> Assignment: Within this material, how many lines include the word "para"? Answer with a number and nothing more.

> Source material:
....
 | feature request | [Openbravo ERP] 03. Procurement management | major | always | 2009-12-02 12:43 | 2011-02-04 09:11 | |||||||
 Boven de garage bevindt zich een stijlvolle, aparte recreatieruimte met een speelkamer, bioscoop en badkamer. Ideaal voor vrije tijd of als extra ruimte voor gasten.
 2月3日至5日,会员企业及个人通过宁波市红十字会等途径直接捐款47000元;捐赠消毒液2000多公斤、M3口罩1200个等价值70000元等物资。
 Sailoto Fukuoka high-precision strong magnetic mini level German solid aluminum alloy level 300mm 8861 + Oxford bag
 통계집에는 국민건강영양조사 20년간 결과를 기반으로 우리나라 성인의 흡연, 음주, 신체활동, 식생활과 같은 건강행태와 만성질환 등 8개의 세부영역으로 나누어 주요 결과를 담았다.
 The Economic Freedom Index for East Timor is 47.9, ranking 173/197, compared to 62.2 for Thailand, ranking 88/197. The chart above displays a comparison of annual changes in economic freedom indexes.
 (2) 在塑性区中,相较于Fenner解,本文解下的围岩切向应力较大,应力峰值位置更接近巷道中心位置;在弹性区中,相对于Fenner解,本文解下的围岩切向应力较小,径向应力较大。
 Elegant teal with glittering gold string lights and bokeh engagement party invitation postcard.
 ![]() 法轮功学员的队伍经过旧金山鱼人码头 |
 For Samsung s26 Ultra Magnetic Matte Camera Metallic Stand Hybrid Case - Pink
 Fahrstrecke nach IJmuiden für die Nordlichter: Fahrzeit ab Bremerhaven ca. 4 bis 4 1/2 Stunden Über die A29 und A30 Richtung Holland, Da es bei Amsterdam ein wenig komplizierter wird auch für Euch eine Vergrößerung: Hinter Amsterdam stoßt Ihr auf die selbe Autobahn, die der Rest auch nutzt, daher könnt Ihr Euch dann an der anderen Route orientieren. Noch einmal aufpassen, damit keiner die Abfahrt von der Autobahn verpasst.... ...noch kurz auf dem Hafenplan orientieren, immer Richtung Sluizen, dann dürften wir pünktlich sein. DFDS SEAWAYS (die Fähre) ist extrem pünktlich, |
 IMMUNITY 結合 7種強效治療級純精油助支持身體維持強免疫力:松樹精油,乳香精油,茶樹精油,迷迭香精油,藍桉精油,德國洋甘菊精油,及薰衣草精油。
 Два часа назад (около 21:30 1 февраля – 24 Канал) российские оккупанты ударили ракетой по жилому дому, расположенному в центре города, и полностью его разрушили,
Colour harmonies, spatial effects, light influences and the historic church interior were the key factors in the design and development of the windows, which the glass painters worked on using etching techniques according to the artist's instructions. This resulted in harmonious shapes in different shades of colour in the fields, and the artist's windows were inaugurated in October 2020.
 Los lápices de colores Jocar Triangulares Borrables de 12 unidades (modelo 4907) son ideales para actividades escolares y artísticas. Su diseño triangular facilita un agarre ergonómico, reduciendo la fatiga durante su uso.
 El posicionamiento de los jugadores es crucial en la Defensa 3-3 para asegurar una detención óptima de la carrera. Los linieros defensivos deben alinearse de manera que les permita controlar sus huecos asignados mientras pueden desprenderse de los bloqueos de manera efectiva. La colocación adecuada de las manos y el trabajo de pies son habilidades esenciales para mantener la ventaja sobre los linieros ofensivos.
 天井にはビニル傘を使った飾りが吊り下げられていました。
....
> Your response: 2